[EXCERPTED DATA — start]

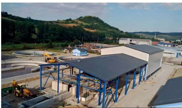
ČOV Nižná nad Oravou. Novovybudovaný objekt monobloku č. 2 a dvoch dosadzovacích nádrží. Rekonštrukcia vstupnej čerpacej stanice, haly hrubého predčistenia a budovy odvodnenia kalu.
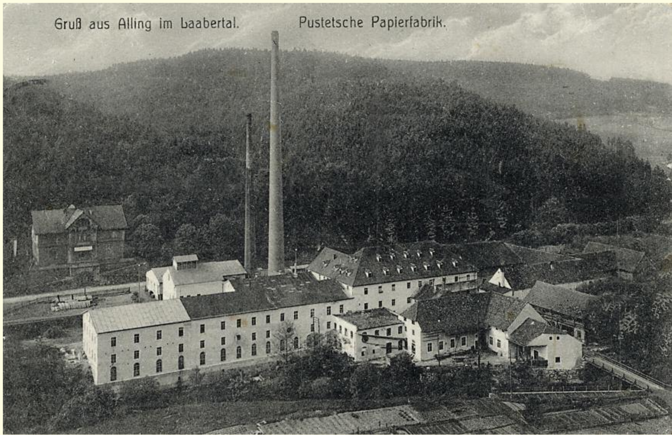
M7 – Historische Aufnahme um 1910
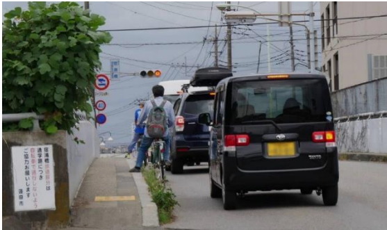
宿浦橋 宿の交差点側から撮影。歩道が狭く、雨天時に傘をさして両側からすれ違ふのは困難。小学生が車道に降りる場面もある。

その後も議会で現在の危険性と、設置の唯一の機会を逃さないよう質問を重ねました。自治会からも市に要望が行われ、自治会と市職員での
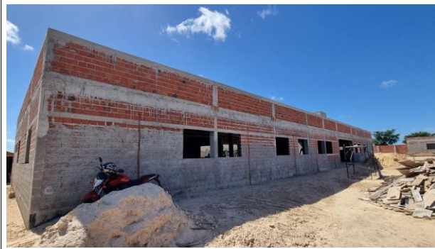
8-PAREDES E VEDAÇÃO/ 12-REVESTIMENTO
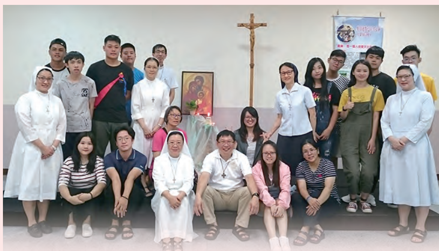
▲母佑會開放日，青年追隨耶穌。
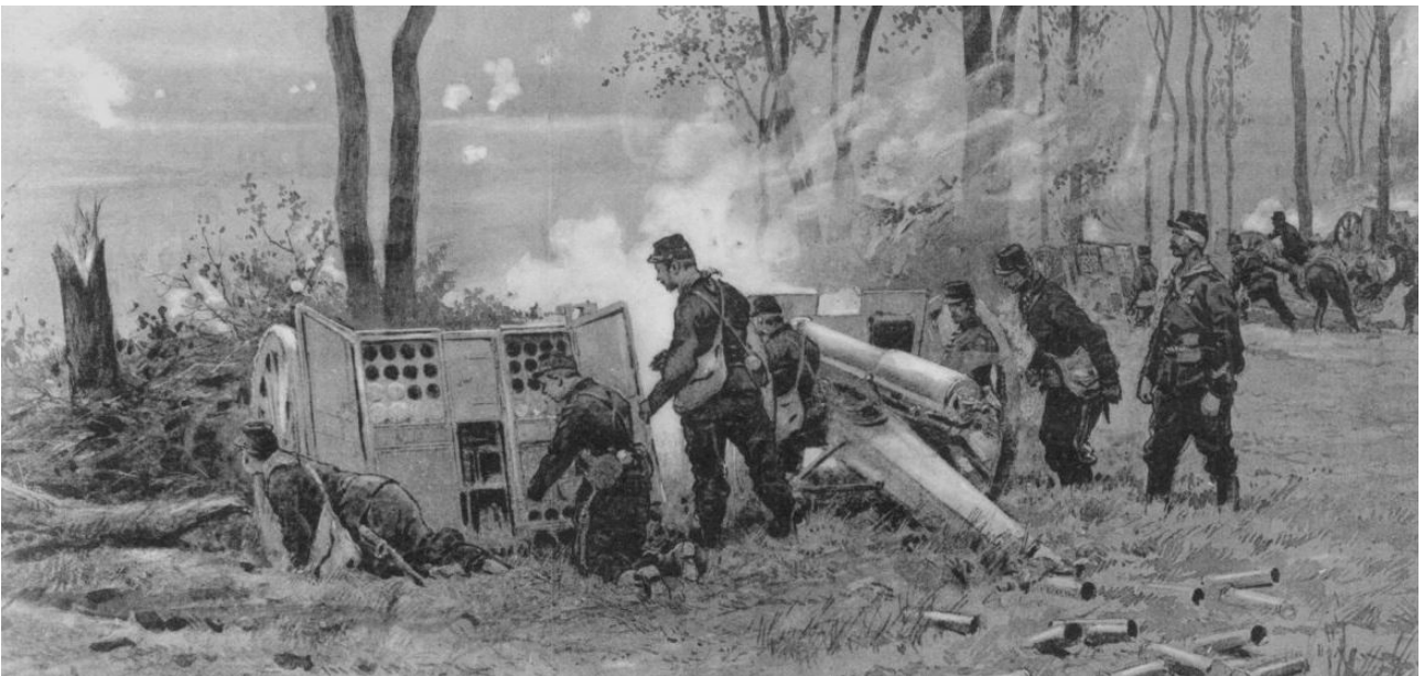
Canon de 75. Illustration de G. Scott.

[EXCERPTED DATA — finish]

**YOUR OBJECTIVE**
Which lines run from the one that holds "M7 – Historische Aufnahme um 1910" to the final line of the records above? Return them exactly, and skip the pictures.

**ANSWER FOR THE TASK**
M7 – Historische Aufnahme um 1910
宿浦橋 宿の交差点側から撮影。歩道が狭く、雨天時に傘をさして両側からすれ違ふのは困難。小学生が車道に降りる場面もある。

その後も議会で現在の危険性と、設置の唯一の機会を逃さないよう質問を重ねました。自治会からも市に要望が行われ、自治会と市職員での
8-PAREDES E VEDAÇÃO/ 12-REVESTIMENTO
▲母佑會開放日，青年追隨耶穌。
Canon de 75. Illustration de G. Scott.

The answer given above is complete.